Lupinus, a genus of flowering plant, invaded the Andes in one of the most rapid speciation events ever detected, and what's more, it seems to have more duplicate copies in its genome than the most closely related genus, Baptisia.
And now the mathematical problem:
The genomes of a member of Lupinus and a member of Baptisia have been sequenced, providing raw data about 25,000 genes in each species. By querying against a database of genes of known function, I now have a "best guess" for what functions that gene might perform - so for example, Gene1298 might be associated with "fructose metabolism, salt stress response, cold stress response". I want to know, if there was a duplication event between Baptisia and Lupinus, whether gene loss took place at random, or whether genes performing particular functions were more likely to be kept or deleted.
I have a script which will output a table like the one shown below. L * is a count of all Lupinus genes associated with the function. L 1+ is a count of lupinus genes associated with the function where at least one duplicate copy exists. I can get it to produce L 2+, L 3+ etc., although L 1+ is a much more reliable group than L 2+ due to the sequencing process.
Function | L * | L 1+ | B * | B 1+ | fructose metabolism | 1000 | 994 | 1290 | 876 | salt stress | 56 | 45 | 90 | 54 | etc.
What I would like to do is to test, for each gene function, whether there are more or fewer genes with duplicates than might be expected purely by chance in Lupinus and Baptisia, and whether Lupinus differs from Baptisia in the ratio of observed to expected.
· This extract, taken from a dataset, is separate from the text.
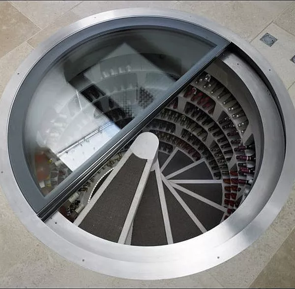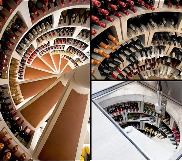 Проект винного погреба со спиральным расположением стеллажей. Вход в хранилище организован с помощью стеклянного люка и спиральной лестницы, расположенной вдоль полок с бутылками. Подобный подход позволил реализовать хранилище на небольшой площади, при этом максимально увеличив его вместительность и придав ему привлекательный красочный внешний вид.

The best thing I have so far
Previous studies on different species have used Enrichment Analysis, with Fisher's Exact Test and FDR correction for multiple sampling, to do a contingency test on each row.
It would be nice to improve on this; I'm not sure this sounds like the best way to do it.
Glen_b has suggested using a GLM to analyse the data; I have played around with GLMs in JMP8, which has been interesting, but I will admit to not really understanding them.
That said, I'm trying to use R instead now.
What am I using this for?
This was originally supposed to be as part of a short research project I'm doing at university, but has now spanned off into an enormous genome annotation project. Why? Because bioinformatics is cool. Being able to take a string of A,T,C and G and use it to infer information about events which happened millions of years ago is amazing.
Needless to say, I am not going to try and submit any kindly provided answer as my own work. I would be happy to include an acknowledgement in the paper if I use a method suggested here in the submitted work.